Plant height is an important ecological parameter in spontaneously-vegetated heap sites (Woźniak et al. 2011). Similarly, height controls the competitive ability of plant species (Weiher et al. 1999). In our study, the native species pool is characterised by low plant height. However, we found a positive relationship between alien cover and native plant height. This is because pioneer alien species usually have low cover and more competitive ones have a higher cover. Since our study is in successional communities, it only shows part of the whole gradient, revealing methodological differences in context dependence (Catford et al. 2022). Nevertheless, disturbance in closed habitats where natives have tall heights will continue to promote alien establishment through the creation of gaps. A similar result of increased alien species cover with native CWM plant height was obtained in temperate low-land forests (Lanta et al. 2022).

Our findings showed that alien species establishment was prominent in the early stage of post-coal mine vegetation development, but not on newly-formed heaps. Heap sites at the early developmental stage were characterised by alien species showing ruderal features that benefit from disturbance, for example, Solidago gigantea, Solidago canadensis, Erigeron canadensis and Erigeron annuus. These species reached a high level of ecological success. Therefore, to reduce invasibility, we recommend that the management objectives should be directed to the early stage of spontaneous vegetation formation on heap sites. Similarly, reduced ecological disturbance should be encouraged on heap sites to prevent ruderal colonising species and promote competitive native species.

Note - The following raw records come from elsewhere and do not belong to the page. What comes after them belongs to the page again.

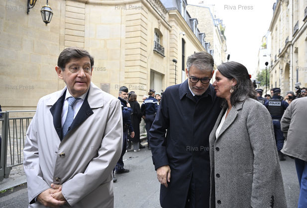 Légende : Le Parti socialiste à l'issue de son entretien avec le premier ministre dans le cadre de ses ultimes consultations avec les forces politiques. Patrick Kanner, Président du groupe socialiste au Sénat - Olivier Faure, Premier secrétaire du PS - Johanna Rolland, Première secrétaire déléguée du PS /// The Socialist Party following its meeting with Prime Minister Sébastien Lecornu as part of his final consultations with political forces. Patrick Kanner, President of the Socialist Group in the Senate - Olivier Faure, First Secretary of the Socialist Party - Johanna Rolland, First Deputy Secretary of the Socialist Party - Paris - 08/10/2025 - Photo © Lionel Préau +33 (0)6 68 12 83 77
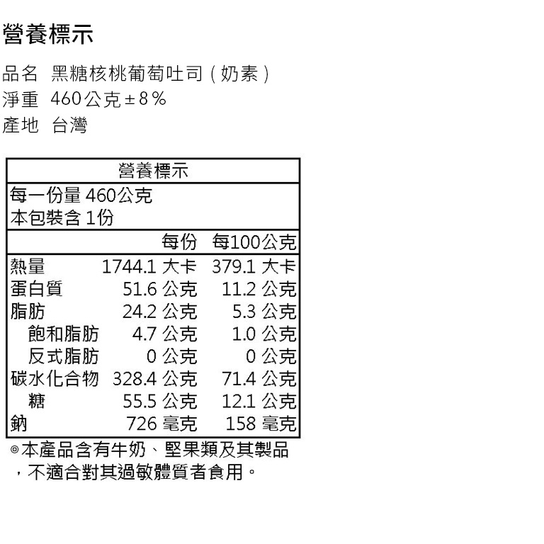 樸實黑糖甜味配上核桃堅果及香甜葡萄乾
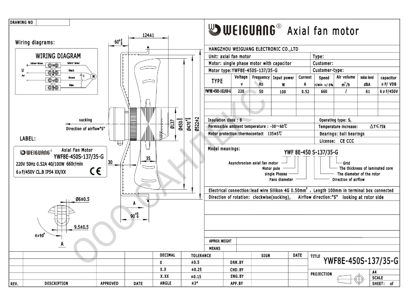 Главная » Каталог » Вентиляторы осевые YWF » Вентилятор YWF 8E - 450 S 137/35 G (220V)
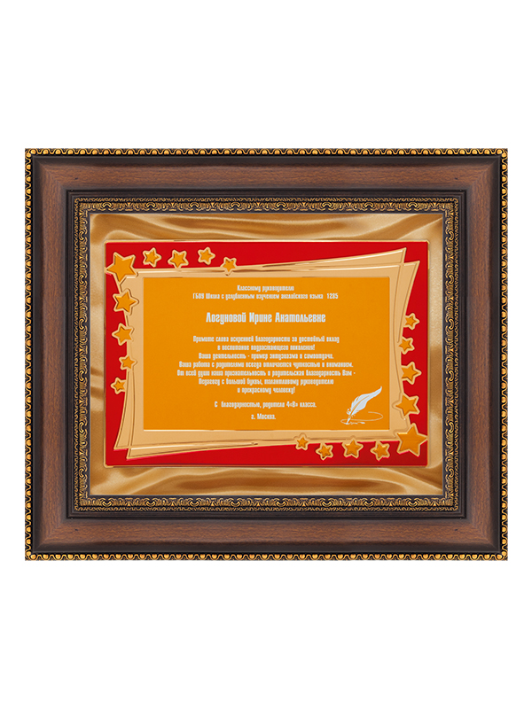 Особое место занимают наградные плакетки, изготовленные из качественных материалов и содержащие информацию о заслугах виновника торжества. Текст и дизайн согласовывается при обработке заказа, гравировка производится на специальной металлической или пластиковой пластине, укрепленной на деревянной основе. Наградные доски могут быть снабжены необходимой символикой, украшены декоративной рамкой.
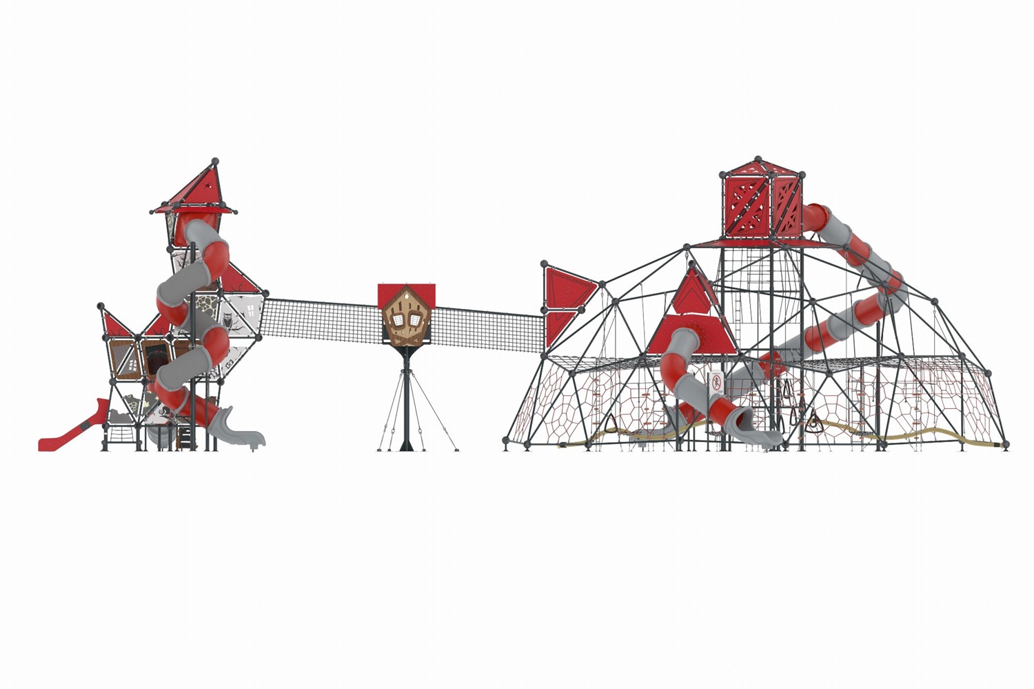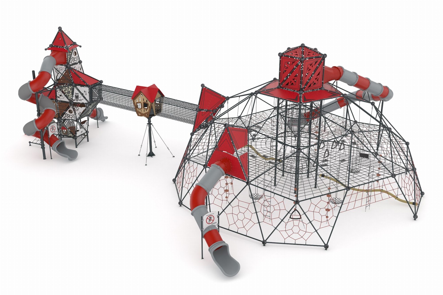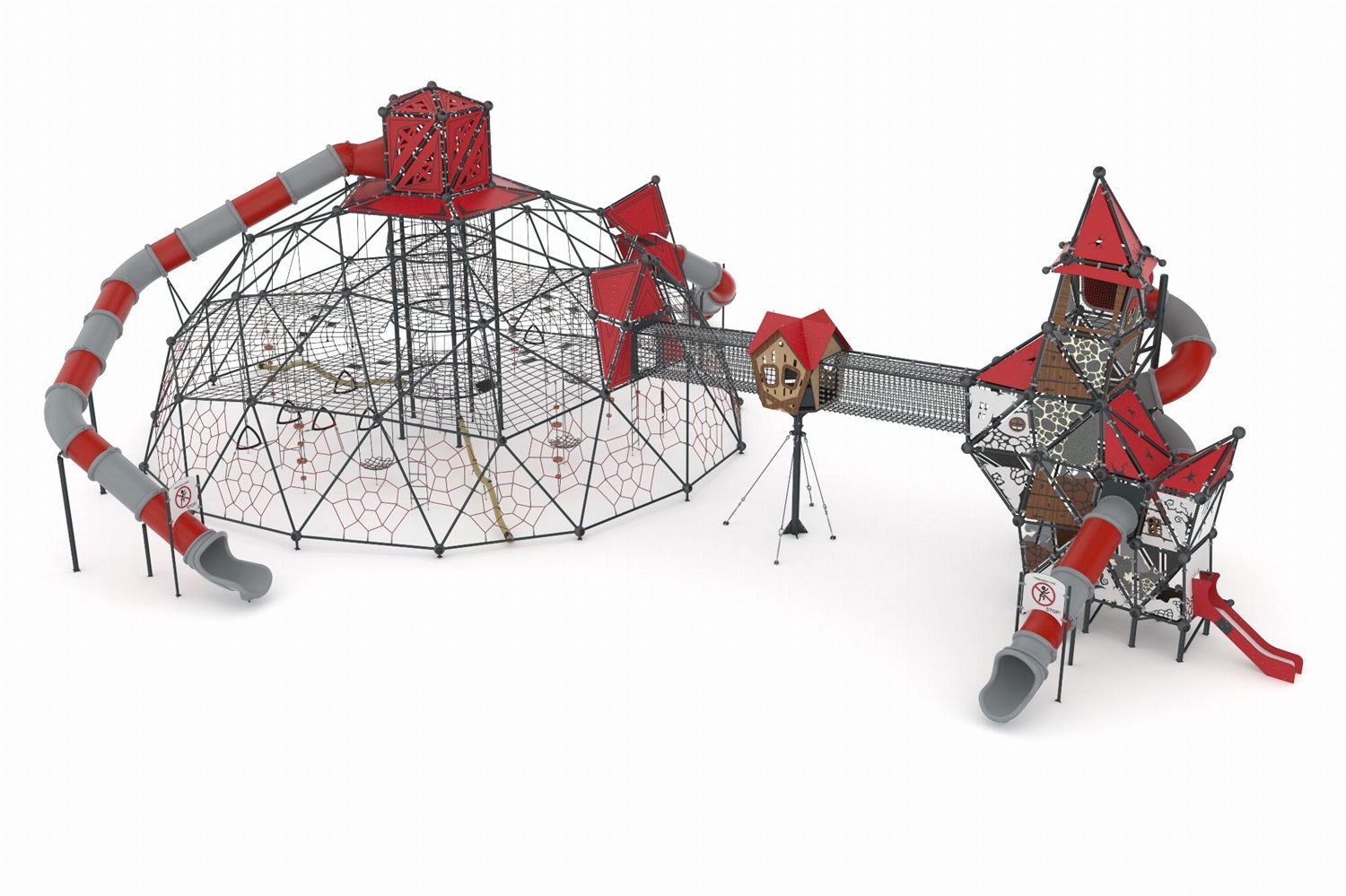 Tack vare den bro som förbinder de två byggnaderna kan barnen röra sig mellan världarna och uppleva maximalt med äventyr och rollek i detta stora, fantasifulla leklandskap. 🌈

Monitoring alien species invasion level and establishment on heaps and the surrounding landscape has high importance. Recent findings have shown that landscapes surrounding roads, railways and arable land harbour neophytes (Ballesteros et al. 2021). This affirms that the degree of urbanisation around colonised sites is an important invasion pathway and should be prioritised in alien species management strategies.

To prevent secondary invasion – an increase in the colonisation of non-target alien species after the removal of targeted invasive plants (Pearson et al. 2016), native species addition should be encouraged, specifically at the early successional stage. Our findings showed that plant communities at the early stage of spontaneous vegetation development on heaps are most threatened by alien species; thus, the addition of competitive natives would prevent non-target alien species from exploiting the space created by the removed targeted invader (Hess et al. 2019). Similarly, species addition will not only help restore native species lost from the ecosystem due to mining activities, but can also increase the number of competitors which may act to reduce alien species recruitment, invasion level and ecological success (Bakker and Wilson 2004). A more detailed study on the abundance shifts between the alien and native plant species in the vegetation patches during the developmental stages might give additional insight into the relationship between the role of alien and native plant species in the establishment and functioning mechanisms of the novel ecosystems on post-coal mine heaps mineral habitats.